Jessica and I walked to lunch quickly. She was very hungry. I wasn't, but I wasn't going to let that slow her down. That would have just been awkward. We went through the lunch line quickly, and then took our seats at the same table we had sat at yesterday. With a quick glance around, I noticed something very strange. Edward was missing. I tried to reason with myself for a second. Maybe he was sick. Or maybe he was somewhere else like the library. But deep down I think I knew he was gone because of me. I just couldn't figure out what I had done…and I couldn't figure out what he had done either. Atlas didn't react that way to just anyone.
I went through the rest of the day wondering where Edward was, including biology and gym. Though, to be fair, I had nothing else to think of in biology class as I was way farther along than all of the other students. I finished our class assignment within minutes.
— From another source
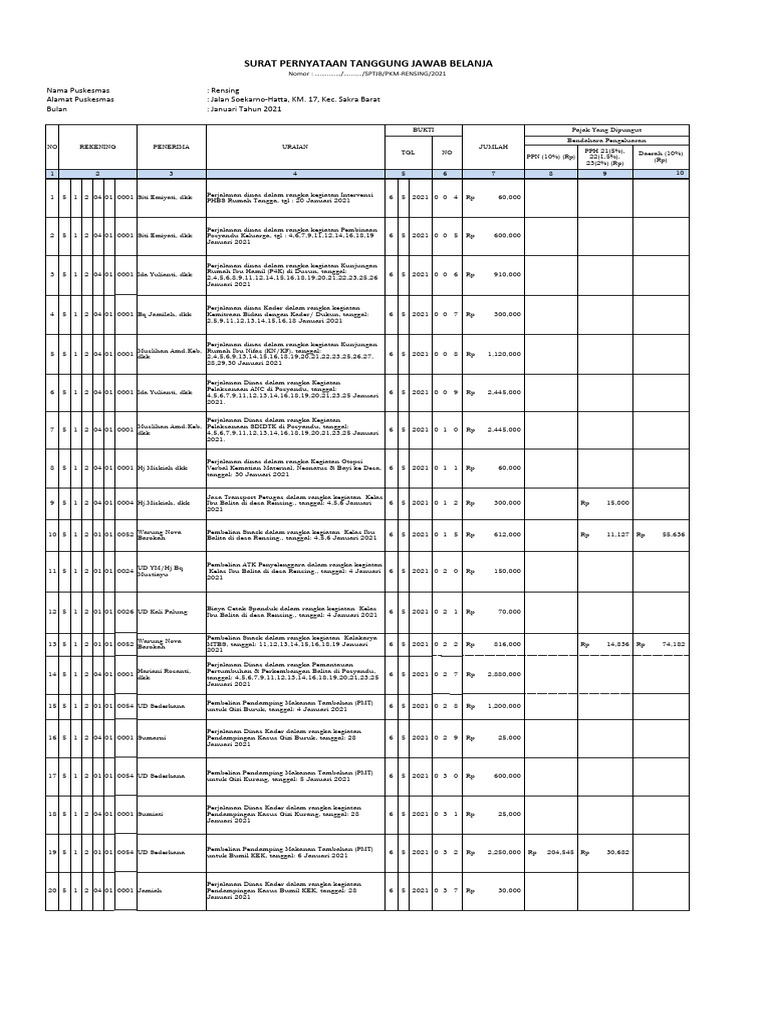 SURAT PERNYATAAN TANGGUNG JAWAB BELANJA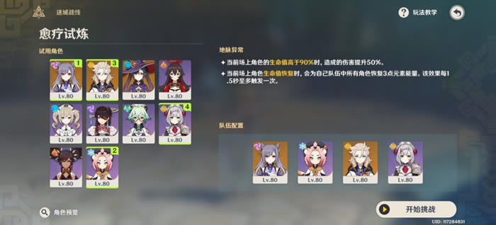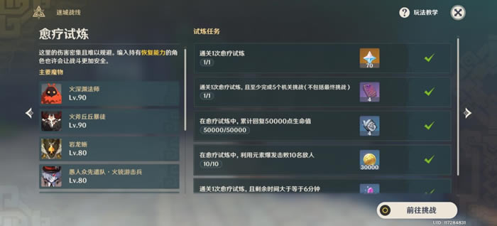 愈疗试炼一个是累计回复50000点生命值,可以使用芭芭拉、猫猫、女仆进行回血,利用喷火机关使角色血量降低,再进行回复,然后是用元素爆发击败10名敌人,这点的话,很多角色都可以做到,刻晴、阿贝多、安柏、砂糖都可以 而且这个关卡血量高于90%的时候会有伤害加成,可以注意一下血量吃到加成,生命回复时也会有元素充能

Then in gym, my thoughts made my clumsiness even worse. We had been playing volleyball too, and I accidentally spiked a ball into the back of Mike's head. At least he took it pretty well.
I drove home after school with my thoughts still wild. Atlas pushed his nose into my shoulder multiple times, trying to ground me. It just wasn't working. I was just too far gone today. Well, the last few days. What was happening to me?
I could think of only one thing to do, and that was to bring my concerns to Charlie. He was a police officer afterall. If there was something for me to worry about, he would know and tell me.
I got home before Charlie did, no big surprise there. He was always working late. I took Atlas to go to the bathroom after underdressing him, petting him for a few minutes and then focusing on making dinner. I was no great chef, but I could make some good spaghetti.
Charlie came in the door noisily, and Atlas immediately went to investigate. "Hey, Buddy."
I walked around the corner to see Charlie loving on Atlas. I smiled, happy to see he was finally warming up to him. He looked up at me then, but before he could speak, I said, "Dinner is on the table, Dad."
"Oh, wow, thanks. You didn't have to do that," he murmured, hanging up his coat. He was damp. It must be raining again…. or still. I shouldn't be surprised.
"Of course I did," I replied. "Now come in here and sit with me."
We walked into the kitchen together and sat down. Suddenly I was nervous. How was I going to do this? Charlie didn't talk much. Would he even share this information with me? Maybe I should just start off with small talk. "So how was your day at work?"
"It was good," Charlie said.
Yup, small talk was not going to work on someone who barely talked. I would have to just ask him outright. "Dad, can I ask you about some students at school. Like if they are trouble makers or anything?"
"Absolutely, I want to keep you safe, Bella," Charlie responded, suddenly very serious.
"Well, I was wondering about Edward Cullen. He just kind of freaked me out the other day. He didn't do anything to me or anything. He just seems, rude…? I don't know…"
Charlie paused for a moment and then leaned forward. "Now don't let those other kids make you think the Cullens are bad people. Those kids never cause issues. The Cullens are just different, but Dr. Cullen is a blessing to the nearby hospital. People should respect him and the work he does more."
"Oh, okay," I choked out. "I was just wondering."
"No, worries, Bells. Anything else on your mind?" Charlie asked.
"No, that was it."
We finished our food in silence, but neither of us seemed to mind it. When we were done, I put the bowls in the sink and headed upstairs. I fed Atlas and went through my nightly routine quickly. I was exhausted for some reason. As I lay in bed, I couldn't get Edward out of my head. I knew that tonight I would be having nightmares.